Visual perception is a complex and dynamic process that plays a crucial role in how we perceive and interact with the world. The eyes move in a sequence of saccades and fixations, actively modulating perception by moving different parts of the visual world into focus. Eye movement behavior can therefore offer rich insights into the underlying cognitive mechanisms and decision processes. Computational models in combination with a rigorous statistical framework are critical for advancing our understanding in this field, facilitating the testing of theory-driven predictions and accounting for observed data. In this thesis, I investigate eye movement behavior through the development of two mechanistic, generative, and theory-driven models. The first model is based on experimental research regarding the distribution of attention, particularly around the time of a saccade, and explains statistical characteristics of scan paths. The second model implements a self-avoiding random walk within a confining potential to represent the microscopic fixational drift, which is present even while the eye is at rest, and investigates the relationship to microsaccades.
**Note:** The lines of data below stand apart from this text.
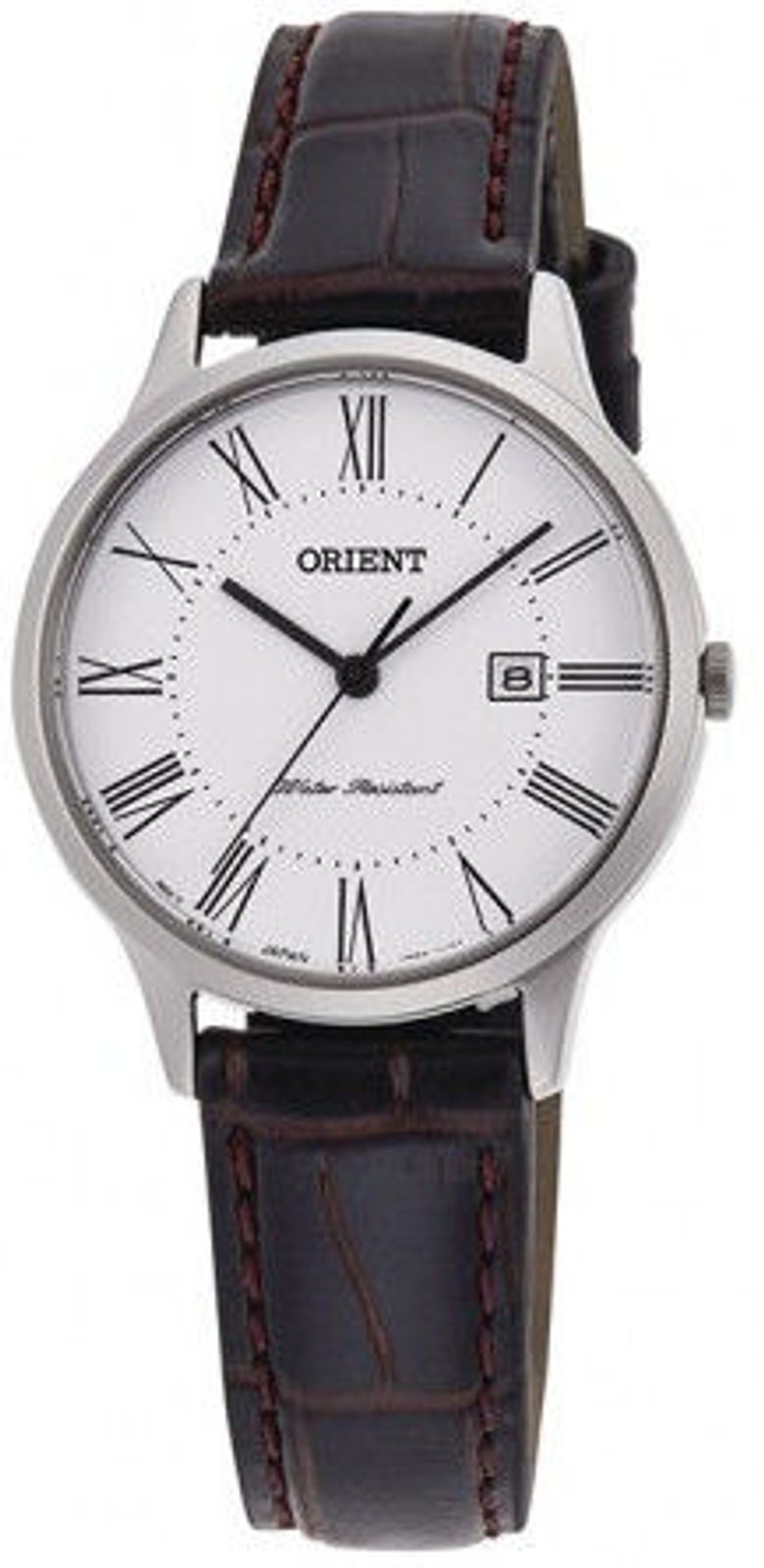 Náramkové hodinky Orient RF-QA0008S10B nabízí jednoduchý, přehledný design, díky kterému jsou ozdobou každého dámského zápěstí. Ocelové pouzdro hodinek doplňuje hnědý řemínek s krokodýlím vzorem. Hodinky pohání kvalitní bateriový strojek Orient VL321. Elegantní číselník je doplněn jemnými, avšak přehlednými obuškovými ručkami. Ucelený vzhled číselníku neruší ani ukazatel data se světlým pozadím a tmavými číslicemi. Chrání ho minerální sklíčko. Voděodolnost modelu je 30 m, vhodné na kontakt s vodou při dešti, mytí rukou. Průměr pouzdra je na klasické hodinky ideálních 30 mm.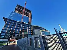 In 2006, Menino proposed two major construction projects that would have significantly impact the city, but ultimately failed to materialize. Trans National Place is a proposed 1,000-foot (300 m) tower to be built on the site of a city-owned parking garage in Boston's Financial District. The second proposal called for the city to sell Boston City Hall,[8] a 1960s brutalist structure. Menino would then have the city use the proceeds from the sale to fund construction of a new seat of government on the South Boston waterfront,[8] on the site of the current Bank of America Pavilion (Drydock 4). Menino abandoned the idea of moving the city's city hall in January 2009.[53]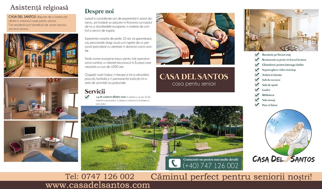 Casa Del Santos anunta deschiderea casei de seniori. Exista in aceasta locatie calitate si standarde europene provenite din Italia, pentru a oferi cu generozitate conditii bune de viata, pe care batranii le merita pe deplin.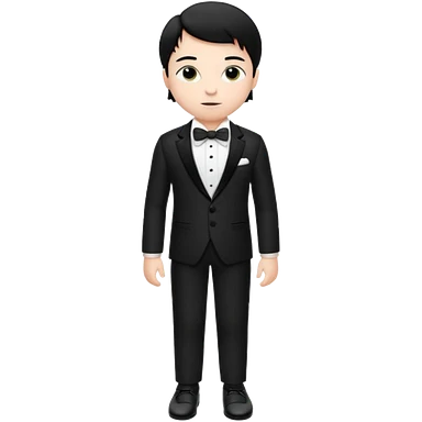 white boy with black hair in a tuxedo. full body emoji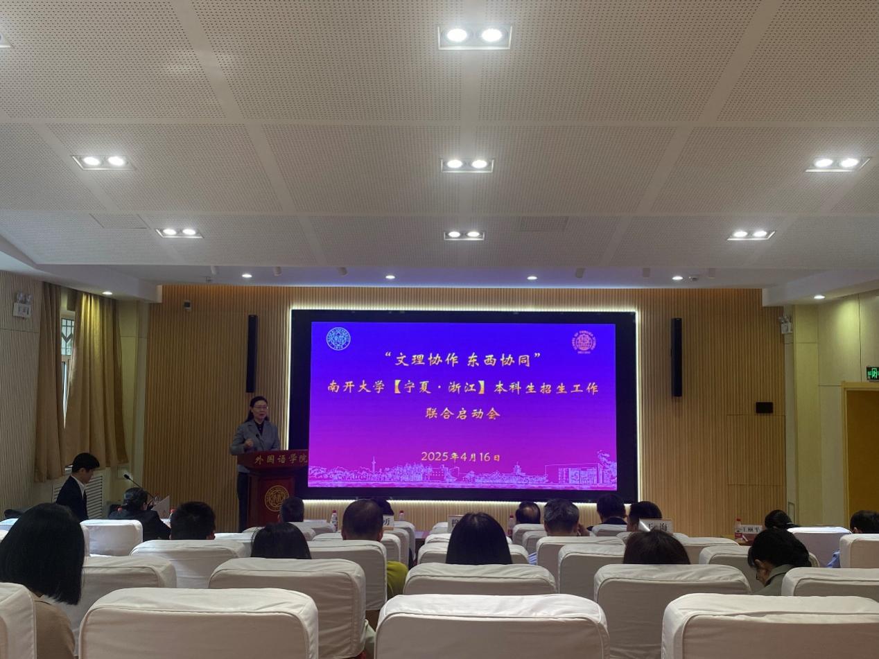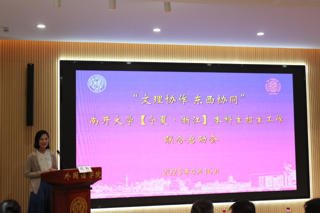 (通讯员 孙曼歆) 4月16日下午,以“文理协作、东西协同”为主题的南开大学2025年宁夏·浙江本科生招生工作联合启动会在禁漫天堂 举行。南开大学党委副书记、纪委书记、国家监委驻南开大学监察专员、本科生招生工作联络校领导赵美蓉出席会议。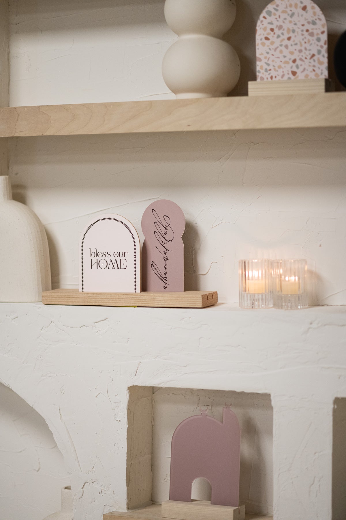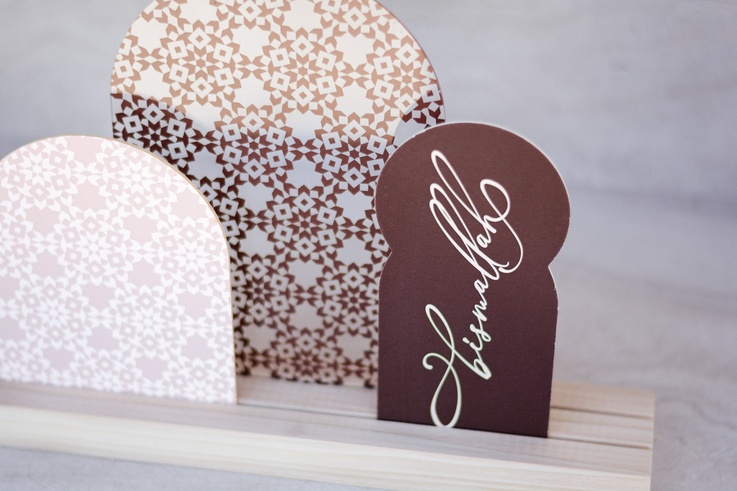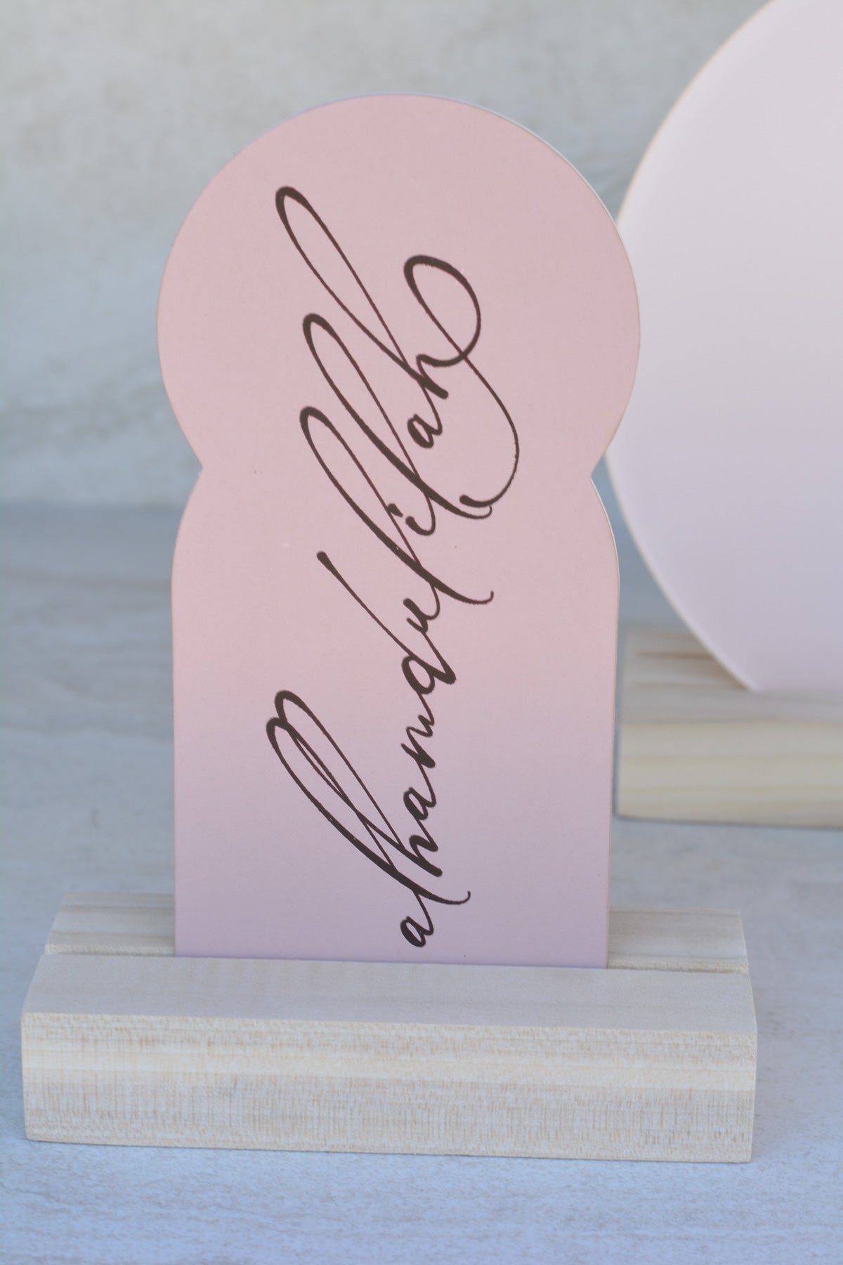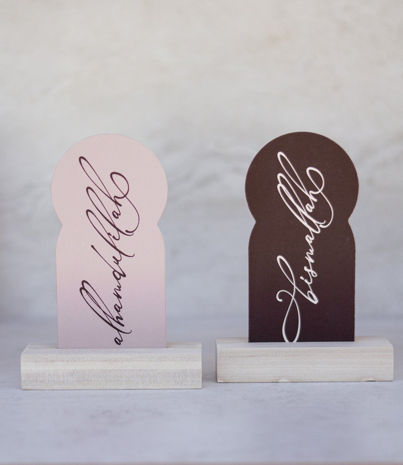 TWO designs in one piece! Pair this versatile small Alhamdulilah & Bismillah reversible insert with either our large or small wood base set for a beautiful display (wood base is sold separately).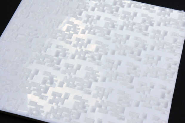 Esta imagen muestra el resultado de lasercutting el segundo patrón (ver paso 1) con una velocidad de 30%. Esto era un poco demasiado rápido y el efecto fue que el esmalte totalmente no estaba quemado lejos. Puedes ver una textura de hojas sueltas de esmalte. Creo que este tipo de 'fracasos' son hermosos y muy interesantes para nuestro proceso.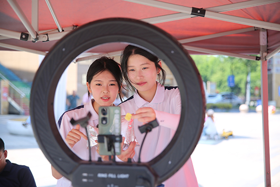 電商產品直播和新媒體現場直播為活動增添了現代氣息。學生們在直播中售賣產品,學習如何運用新媒體進行營銷和推廣;現場直播則由學生獨自操作,他們熟練地介紹活動現場的各個環節和展臺作品,展現了現代商業技能。這不僅鍛煉了他們的實踐能力,也讓他們了解了現代電商的運作方式。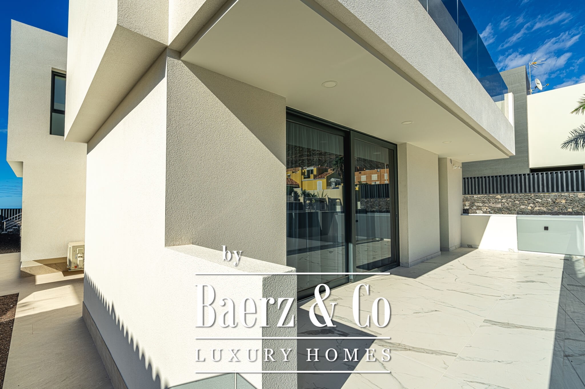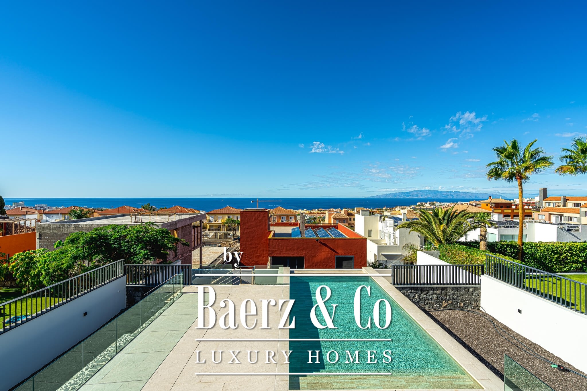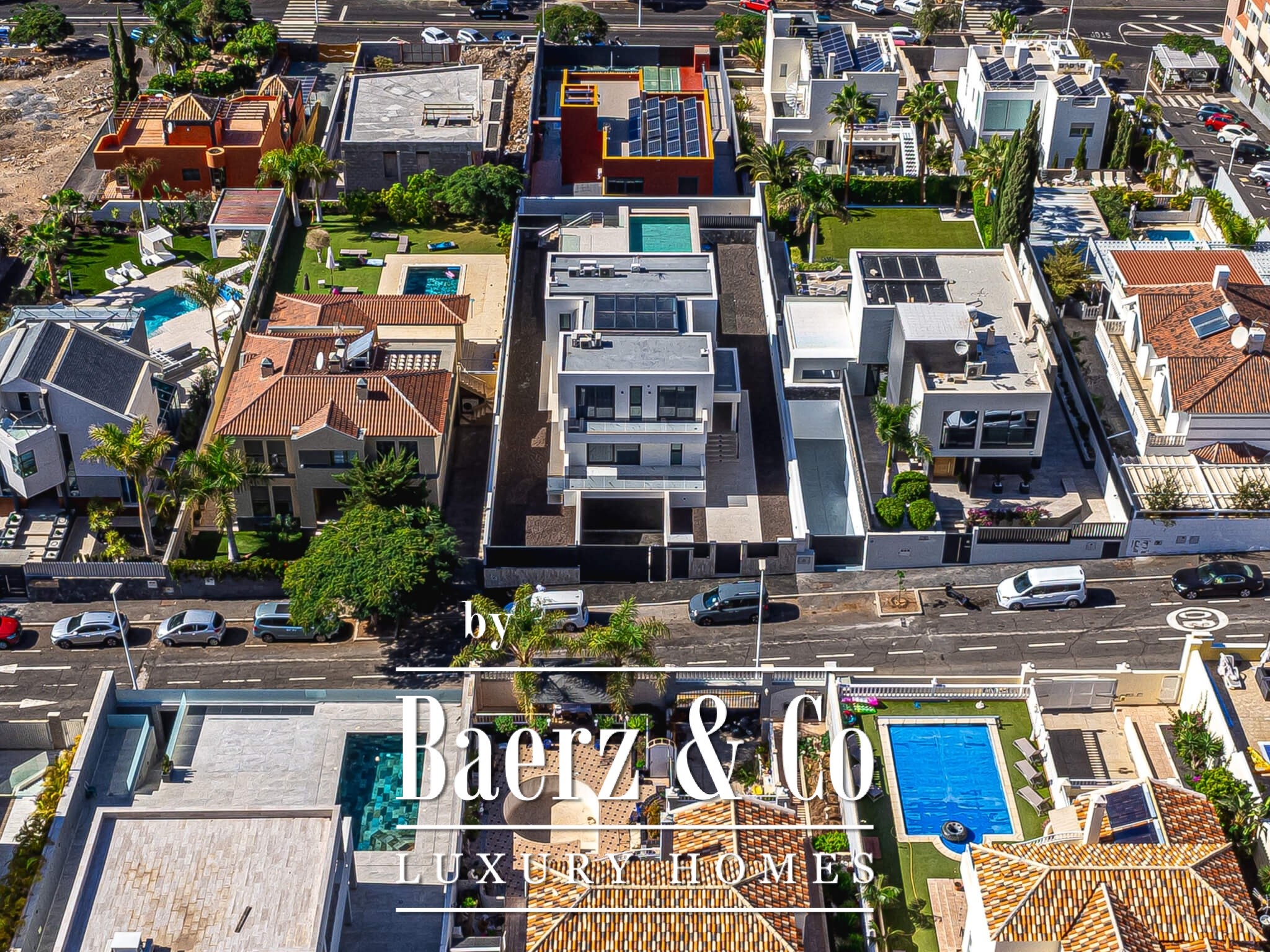 A heated swimming pool becomes the centrepiece for leisure, while a private garage for two cars offers security and convenience. Set within an 825 m² plot, the property supports privacy and quiet rhythm. Carefully considered details, from spatial layout to the quality of finishes, underscore an aesthetic of refined simplicity. For those drawn to Costa Adeje, this villa presents an invitation to experience space, light, and understated luxury. Long tail variation: Costa Adeje luxury villa with heated pool.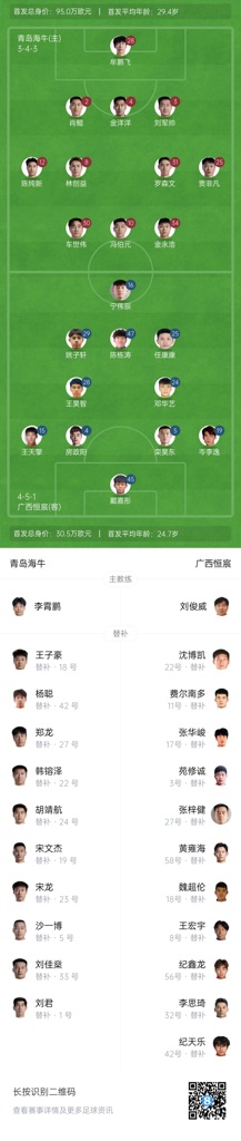 青岛海牛替补:1-刘君、22-韩镕泽、5-沙一博、18-王子豪、19-宋文杰、23-宋龙、24-胡靖航、27-郑龙、33-刘佳燊、42-杨聪

Both models are implemented in a likelihood-based framework, which supports the use of data assimilation methods to perform Bayesian parameter inference at the level of individual participants, analyses of the marginal posteriors of the interpretable parameters, model comparisons, and posterior predictive checks. The application of these methods enables a thorough investigation of individual variability in the space of parameters. Results show that dynamical modeling and the data assimilation framework are highly suitable for eye movement research and, more generally, for cognitive modeling.